What you should do:
Write back every entry exactly as it reads, with the pictures left behind.

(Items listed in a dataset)
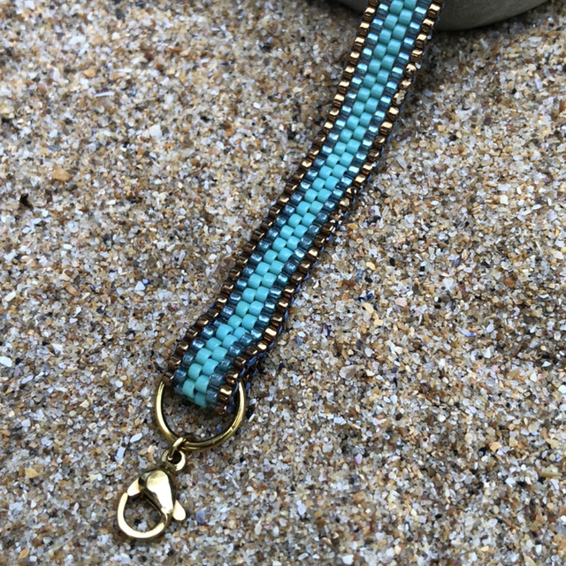 Bracelet serpentin qui se porte « à double tour », tissé en perles japonaises #miyuki, fermoir et anneaux en acier inoxydable.
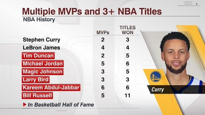 值得一提的是,截至目前,联盟历史上仅有8位球员取得过至少3次总冠军和多次MVP。他们分别是:库里、詹姆斯、邓肯、乔丹、(魔术师)约翰逊、拉里-伯德、贾巴尔和比尔-拉塞尔。
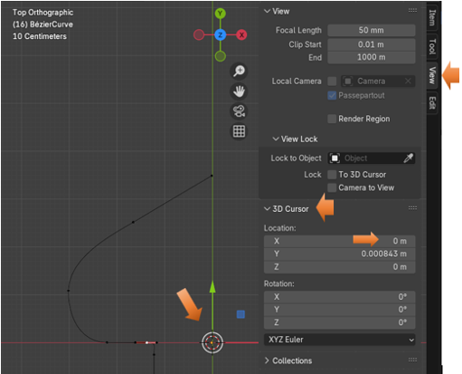 Now under 3D Cursor in this panel, inside of the View tab, set the 3D Cursor Location for the X to be 0.
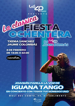 8 DE FEBRERO EN ES MOLI DES COMTE EN CABINA: TXEMA SÁNCHEZ, JAUME COLOMBÀS Y DESDE LOS40 CLASSIC JUAN BORRÁS! Y ADEMÁS POR PRIMERA VEZ EN MALLORCA, NOS SUBIMOS A LA MÁQUINA DEL TIEMPO CON LA SÚPER BANDA DE JOAQUÍN PADILLA LA VOZ DE IGUANA TANGO EN UN ESPECTÁCULO CON TODOS TUS NÚMEROS 1 EN CONCIERTO!
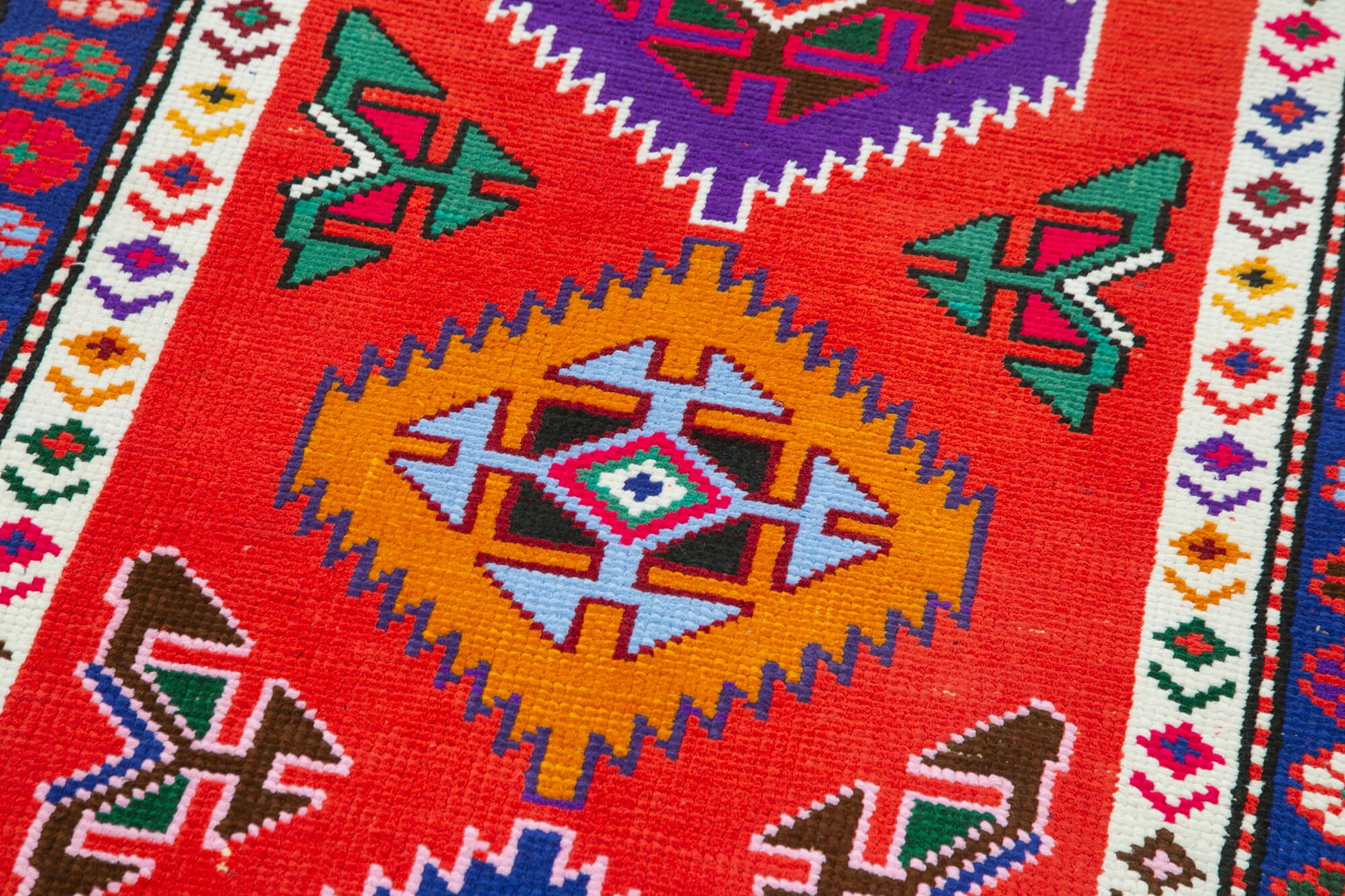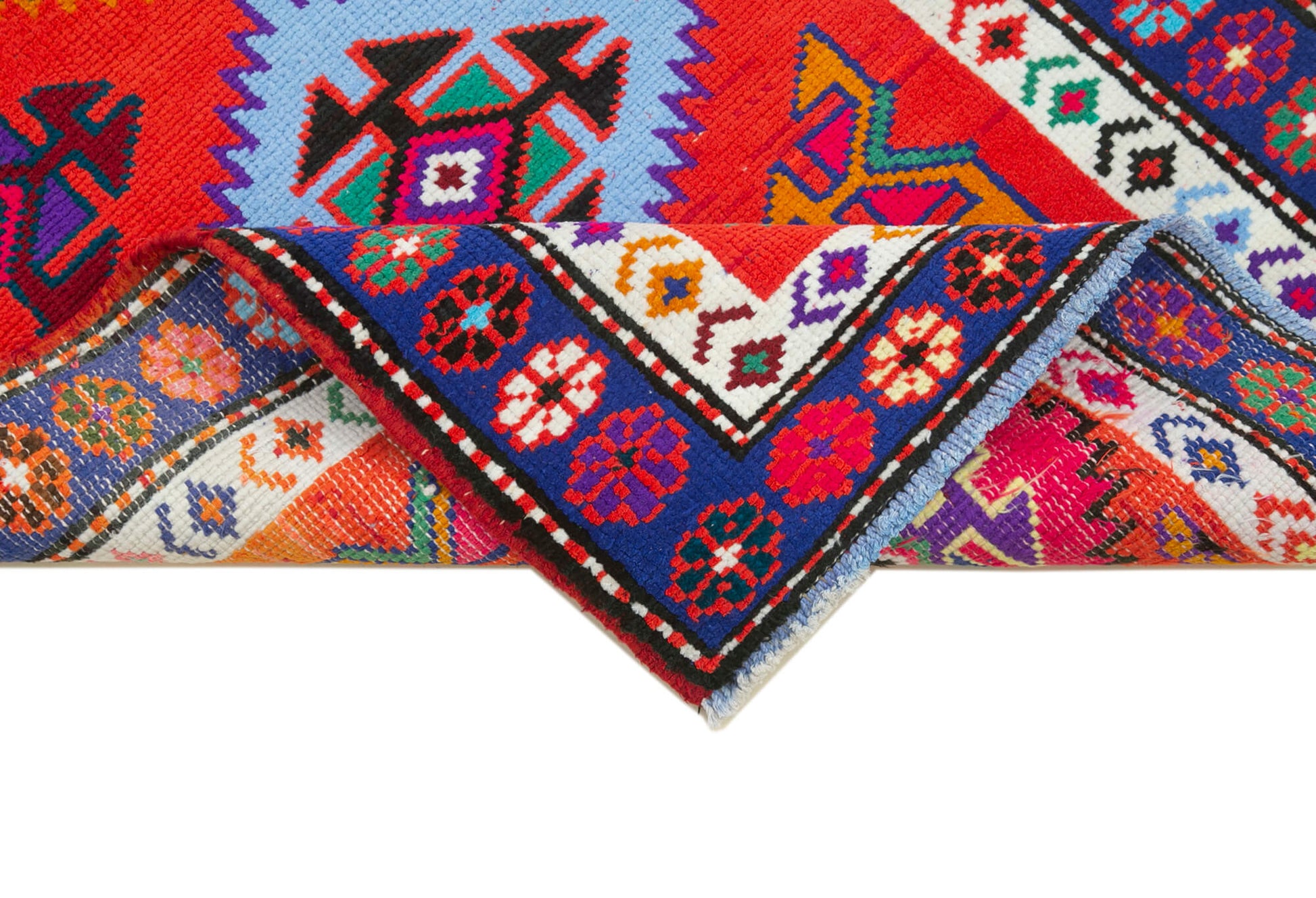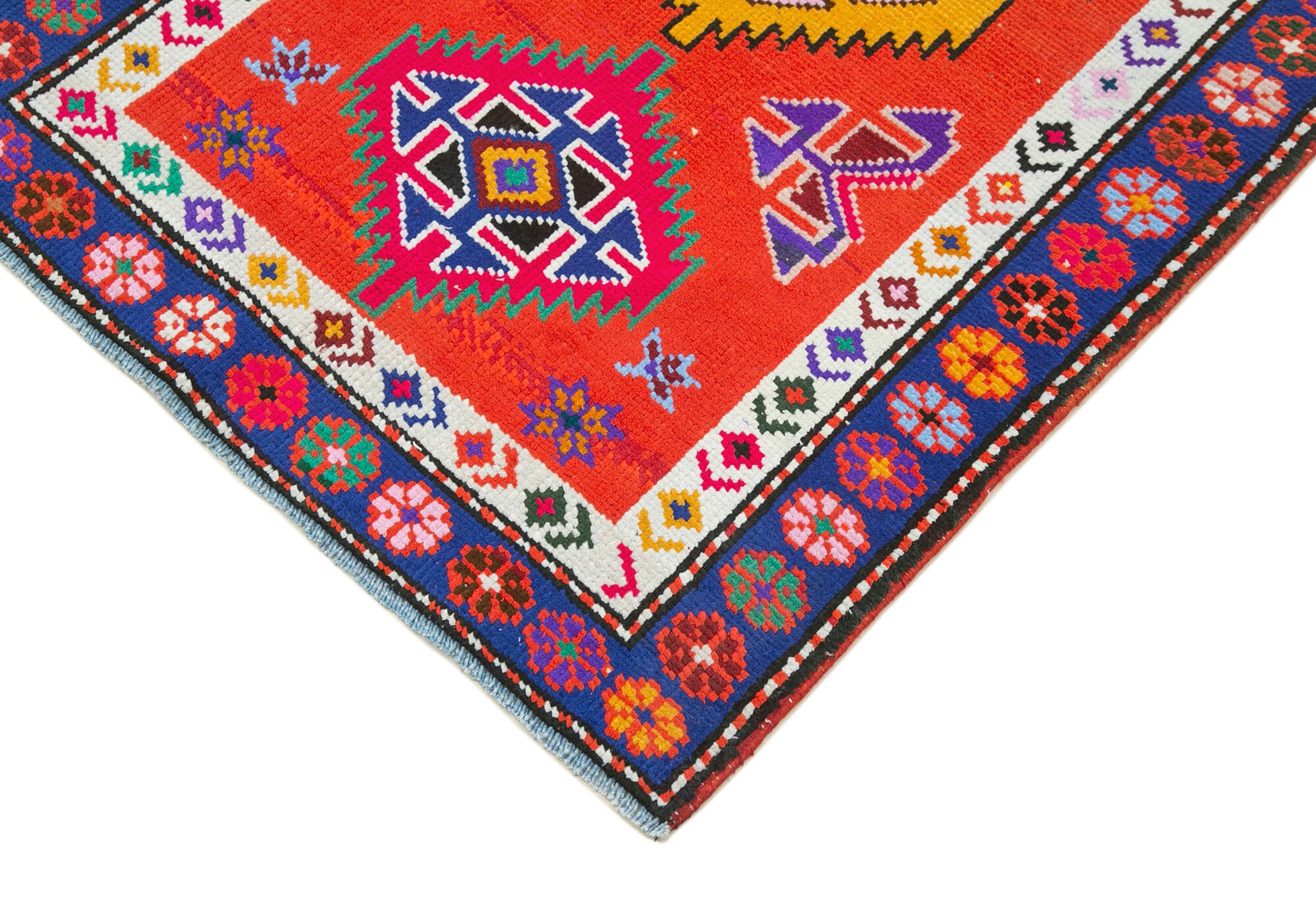This Turkish wool rug features hand dyed carpet techniques that enhance its rich red area carpet hues. The vintage carpets are between 30 to 70 years old, each one meticulously selected, cleaned, and washed using special methods to neutralize original colors and subtly shift shades for a refreshed look. This process maintains the integrity of the traditional hand knotted rug craftsmanship while delivering a vibrant yet authentic finish.

Response for this exercise:
 Bracelet serpentin qui se porte « à double tour », tissé en perles japonaises #miyuki, fermoir et anneaux en acier inoxydable.
 值得一提的是,截至目前,联盟历史上仅有8位球员取得过至少3次总冠军和多次MVP。他们分别是:库里、詹姆斯、邓肯、乔丹、(魔术师)约翰逊、拉里-伯德、贾巴尔和比尔-拉塞尔。
 Now under 3D Cursor in this panel, inside of the View tab, set the 3D Cursor Location for the X to be 0.
 8 DE FEBRERO EN ES MOLI DES COMTE EN CABINA: TXEMA SÁNCHEZ, JAUME COLOMBÀS Y DESDE LOS40 CLASSIC JUAN BORRÁS! Y ADEMÁS POR PRIMERA VEZ EN MALLORCA, NOS SUBIMOS A LA MÁQUINA DEL TIEMPO CON LA SÚPER BANDA DE JOAQUÍN PADILLA LA VOZ DE IGUANA TANGO EN UN ESPECTÁCULO CON TODOS TUS NÚMEROS 1 EN CONCIERTO!
This Turkish wool rug features hand dyed carpet techniques that enhance its rich red area carpet hues. The vintage carpets are between 30 to 70 years old, each one meticulously selected, cleaned, and washed using special methods to neutralize original colors and subtly shift shades for a refreshed look. This process maintains the integrity of the traditional hand knotted rug craftsmanship while delivering a vibrant yet authentic finish.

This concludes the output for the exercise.